**Exercise requirements**
Repeat the data verbatim, images excluded.

**Data section**

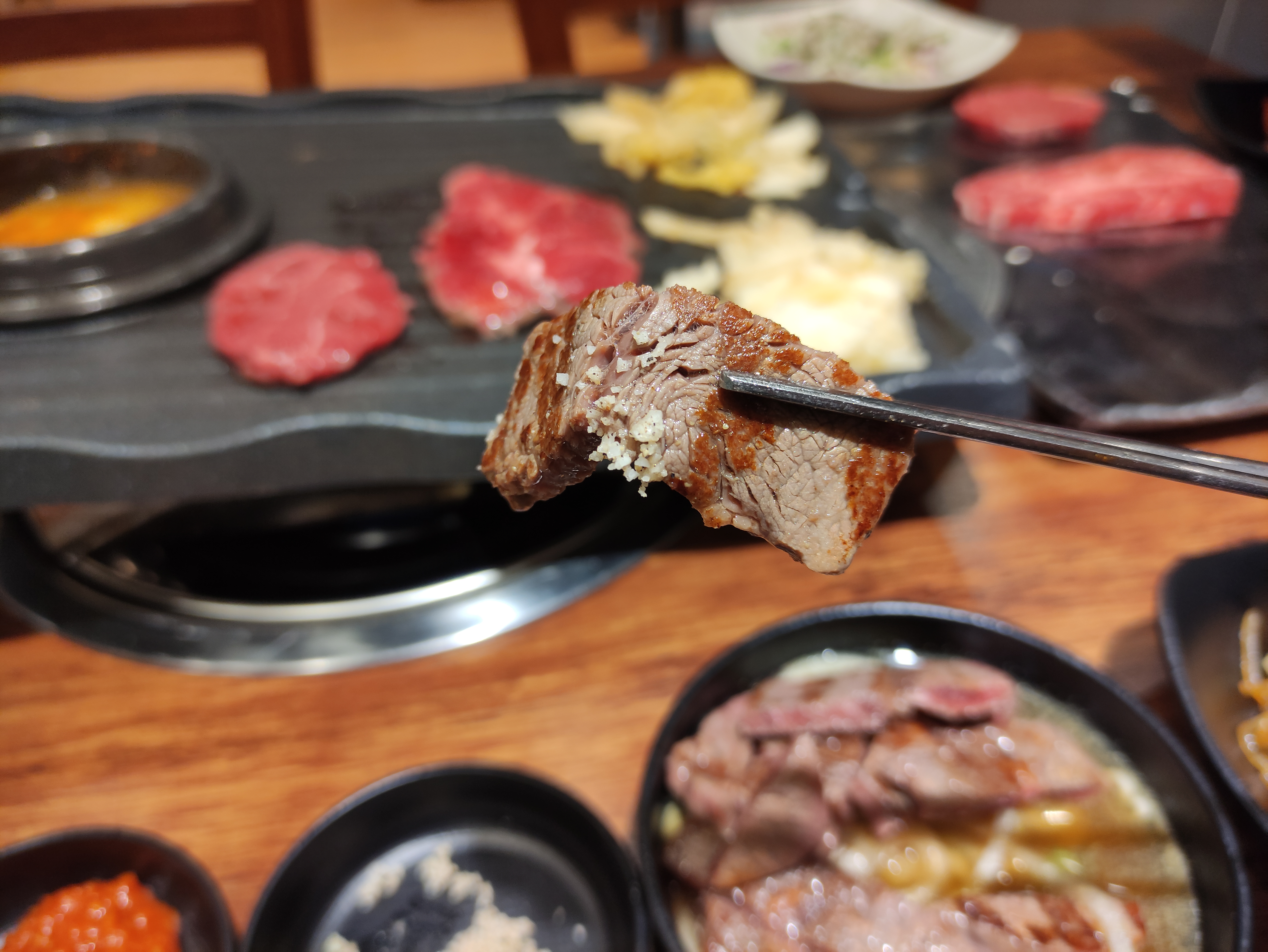 한우부채살은 부채살스테이크먹을때 그 부채살이고요. 안심은 안심스테이크의 그 안심 맞습니다. ㅎㅎ 잘구워진고기 한입물면 육즙이 입안에서 터집니다.
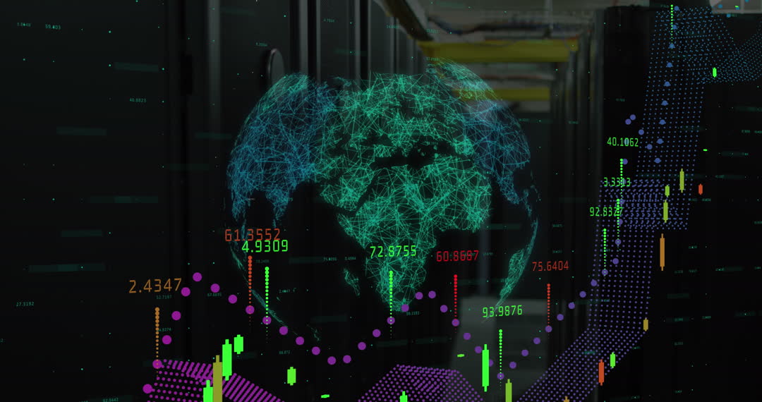 Overlapping data visualizations depicting global financial activity and computer servers convey themes of innovation and technological advancement in business and financial markets. Useful for presentations on modern computing technology, global commerce, or data analytics.
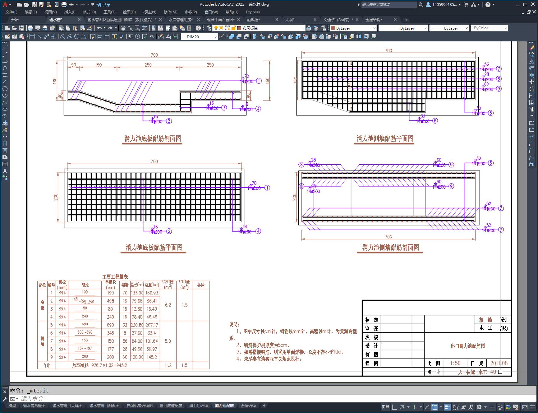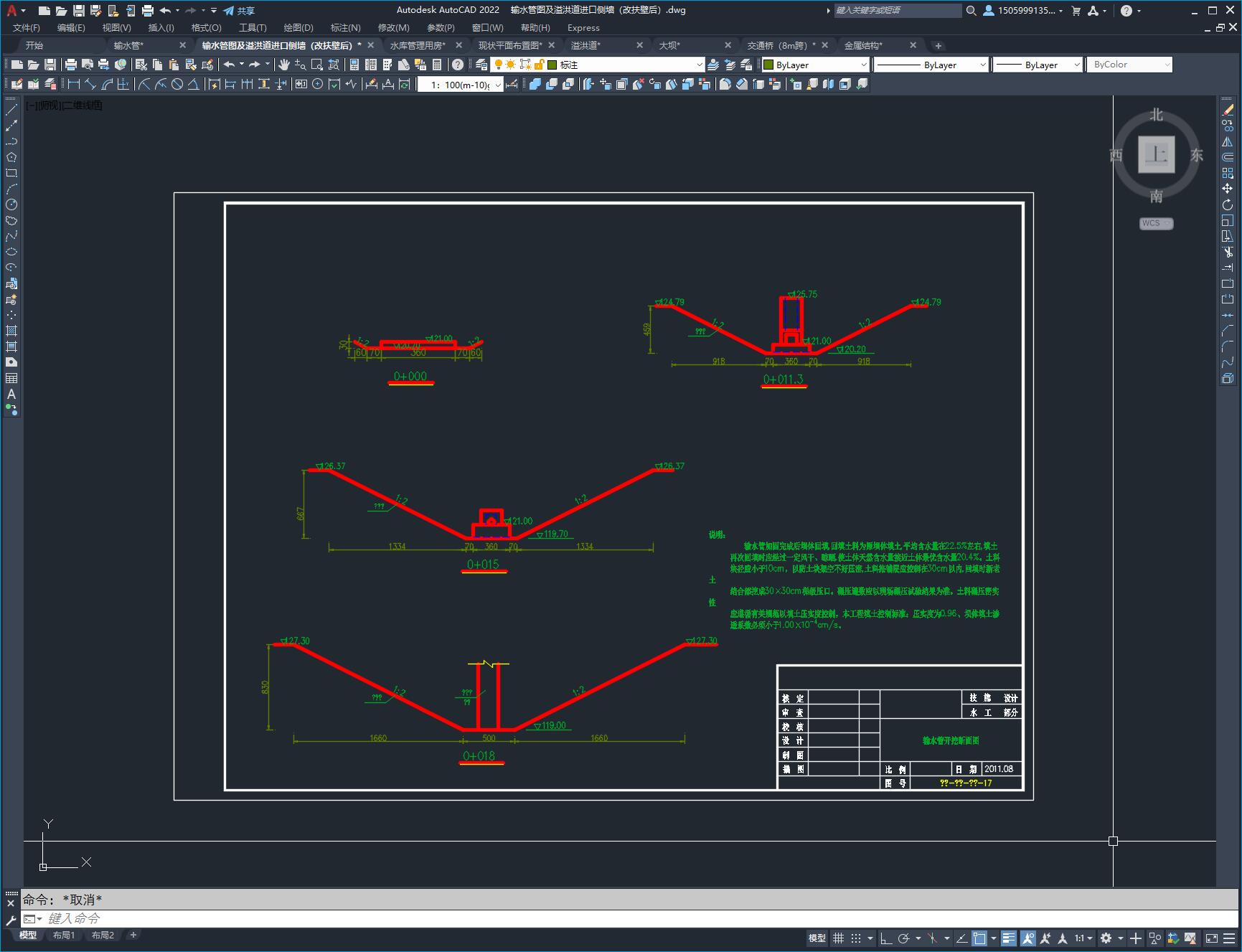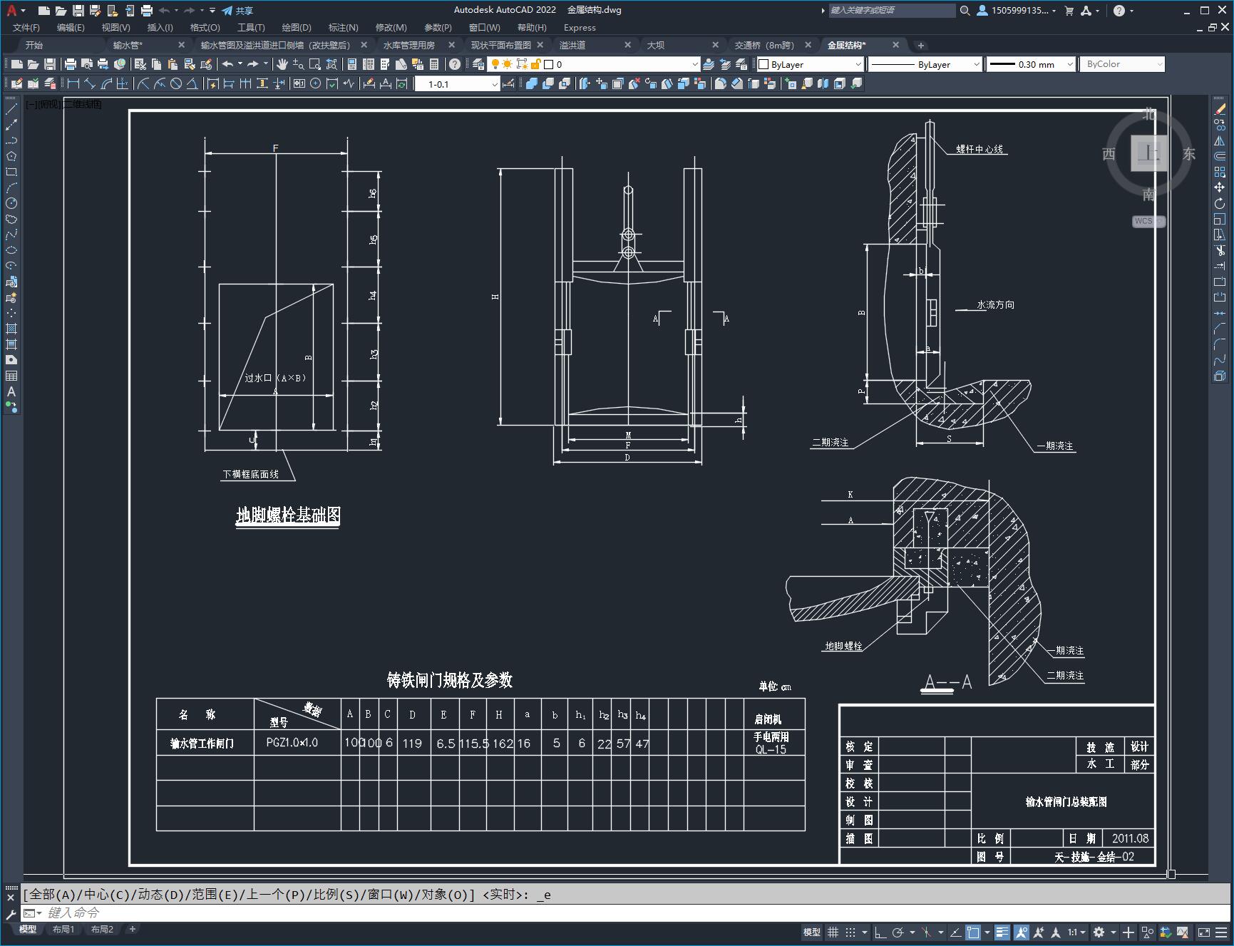 图纸包含:溢洪道(WES堰流),8米跨溢洪道交通桥,大坝,输水管(竖井式)。

**Reply to the exercise**
 한우부채살은 부채살스테이크먹을때 그 부채살이고요. 안심은 안심스테이크의 그 안심 맞습니다. ㅎㅎ 잘구워진고기 한입물면 육즙이 입안에서 터집니다.
 Overlapping data visualizations depicting global financial activity and computer servers convey themes of innovation and technological advancement in business and financial markets. Useful for presentations on modern computing technology, global commerce, or data analytics.
 图纸包含:溢洪道(WES堰流),8米跨溢洪道交通桥,大坝,输水管(竖井式)。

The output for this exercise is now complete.